CCA Exhibition Expertly Showcases the Radical Italian Architecture Movement

The rich legacy of “radical” Italian design risks overexposure, but the Canadian Centre for Architecture’s exhibit on the movement’s protagonists avoids the genre’s clichés.

Utopie Radicali radical Italian architecture CCA
After an Italian run in late 2017, the exhibition Utopie Radicali: Florence 1966–1976 has arrived at the Canadian Centre for Architecture. This new iteration augments the curatorial structure as well as the list of exhibition items, including works by onetime Superstudio member Alessandro Poli like Architettura Interplanetaria (1970–71), seen here. Courtesy Canadian Centre for Architecture

A throng of protesting students—architecture students, in fact—escort the Pop equivalent of a golden calf through the center of Florence. This incomprehensible thing, a large vacuum-inflated polyethylene tube bent back over itself in the shape of an S and plastered with nonsensical text and effigies, trundles along past the Palazzo Vecchio and the dummy David at its base. Outside the Duomo, it cuts through the thicket of tourists, who recoil in bemusement, unable to decipher the scrambled messaging. The profile of the inflatable changes, going from rigid to limp and leaking air, as it bobs in and out of view.
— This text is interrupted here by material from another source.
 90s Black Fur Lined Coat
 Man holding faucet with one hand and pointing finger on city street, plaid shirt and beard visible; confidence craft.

This was the last of a series of aesthetic disturbances to befall the city in 1968, when students occupied the Faculty of Architecture for three months. It was a variation on what could be termed a “design happening”—protest as spectacle. The implements were the Urboeffimeri, or “urban ephemeral objects,” devised by the collective UFO. Last year, this particular Urboeffimero was reproduced and hung in the courtyard of the Palazzo Strozzi, its inscrutability now tempered by the museum setting.
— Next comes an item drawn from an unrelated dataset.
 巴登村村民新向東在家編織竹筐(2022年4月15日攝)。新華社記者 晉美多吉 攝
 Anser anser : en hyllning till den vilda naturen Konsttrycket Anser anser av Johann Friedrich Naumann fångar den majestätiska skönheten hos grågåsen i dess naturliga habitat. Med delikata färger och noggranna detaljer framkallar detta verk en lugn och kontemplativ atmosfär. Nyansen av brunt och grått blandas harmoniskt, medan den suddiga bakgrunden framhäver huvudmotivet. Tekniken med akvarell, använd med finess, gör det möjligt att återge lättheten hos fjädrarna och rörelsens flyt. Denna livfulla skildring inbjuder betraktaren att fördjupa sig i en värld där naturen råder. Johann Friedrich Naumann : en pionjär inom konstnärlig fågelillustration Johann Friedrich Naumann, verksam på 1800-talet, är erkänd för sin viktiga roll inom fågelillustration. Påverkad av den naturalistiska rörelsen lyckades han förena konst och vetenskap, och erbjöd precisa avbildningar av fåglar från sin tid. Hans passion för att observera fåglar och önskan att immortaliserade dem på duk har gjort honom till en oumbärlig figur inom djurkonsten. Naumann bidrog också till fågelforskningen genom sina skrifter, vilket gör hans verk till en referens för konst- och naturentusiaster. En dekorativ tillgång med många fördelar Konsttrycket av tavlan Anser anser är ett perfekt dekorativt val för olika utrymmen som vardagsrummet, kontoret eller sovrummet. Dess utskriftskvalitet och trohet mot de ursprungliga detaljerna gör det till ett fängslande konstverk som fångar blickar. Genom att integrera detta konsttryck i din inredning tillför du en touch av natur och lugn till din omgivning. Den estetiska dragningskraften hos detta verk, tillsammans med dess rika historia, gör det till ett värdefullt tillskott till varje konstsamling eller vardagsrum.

The re-creation was pegged to the exhibition Utopie Radicali: Florence 1966–1976, which commemorated the so-called Radical Architecture movement that flourished in Italy half a century ago, appearing first in Florence before spreading to other urban centers. It has now arrived, in a slightly rejiggered format (and minus its inflatable avatar), at the Canadian Centre for Architecture (CCA). The change of context—from the arch-Renaissance Palazzo Strozzi to the CCA’s Postmodern edifice in Montreal—has to be noted, but does not detract from this enjoyable show.
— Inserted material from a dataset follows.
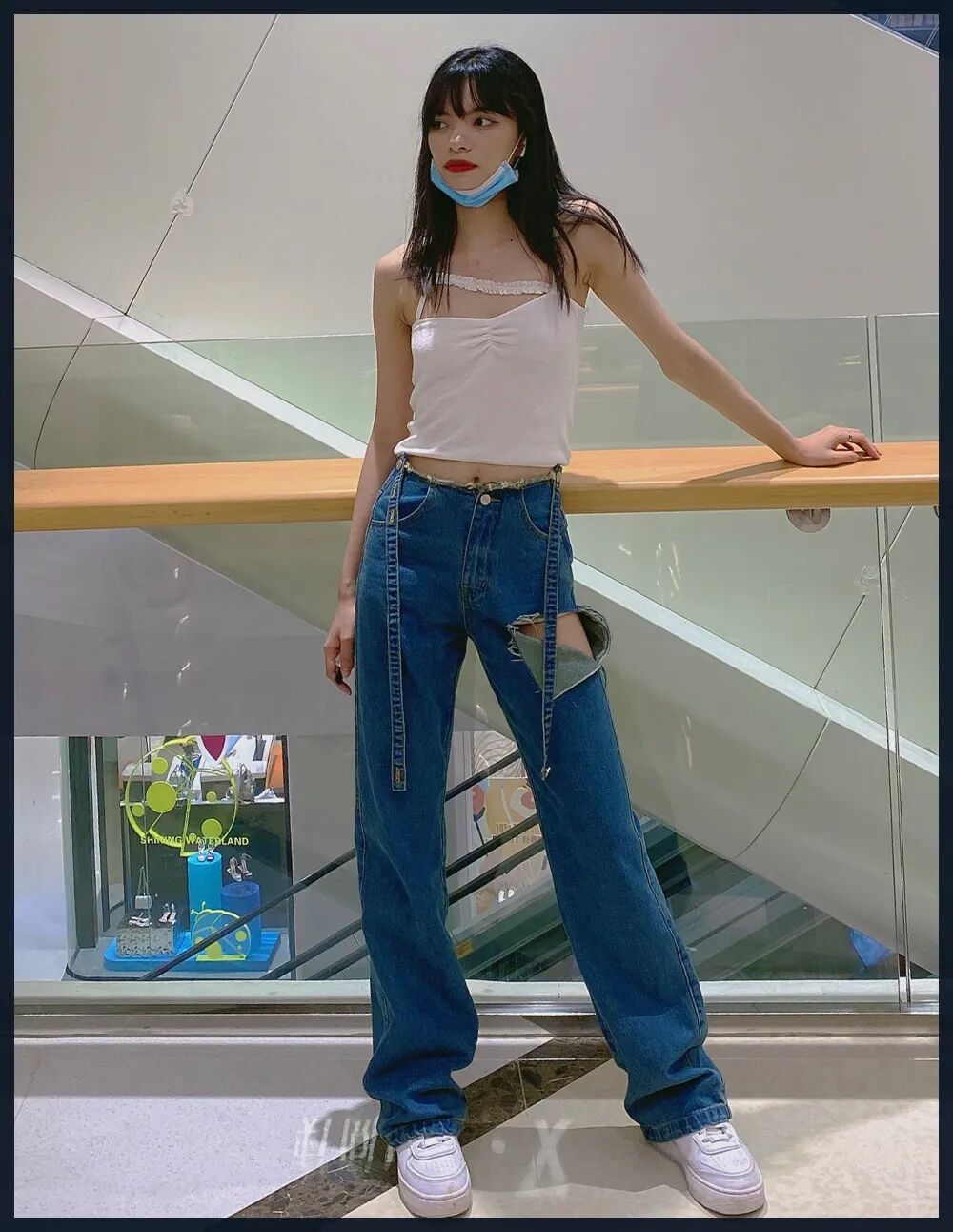 最主要的还是我觉得这种材质的牛仔裤特别硬挺,版型又特别宽松,穿短一点的上衣露出腰的话会显得腰特别细👇
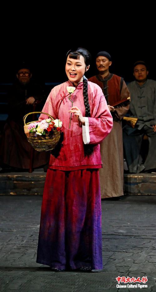 新生代实力派青年女高音龚爽饰演卖花姑娘彩娣(阿炳妻),以其清丽的音色、端庄的形象和出色的表演赢得了大家的交口称赞

The exhibition arrives at the low end (one thinks) of a revival of “radical design,” a crusade that had its beginnings in the political ferment of 1960s Italy. The works of iconoclasts like Archizoom, Superstudio, and UFO were cathectic responses to social contradictions that, at least at the time, seemed surmountable. These actions were perhaps meager, metaphorical contributions in the grand scheme of things, but by casting doubt on the meaning and value of architectural labor, this disaffected group aimed to reconceive its own role within society. To paraphrase an art critic from the time, these were architects actively on strike.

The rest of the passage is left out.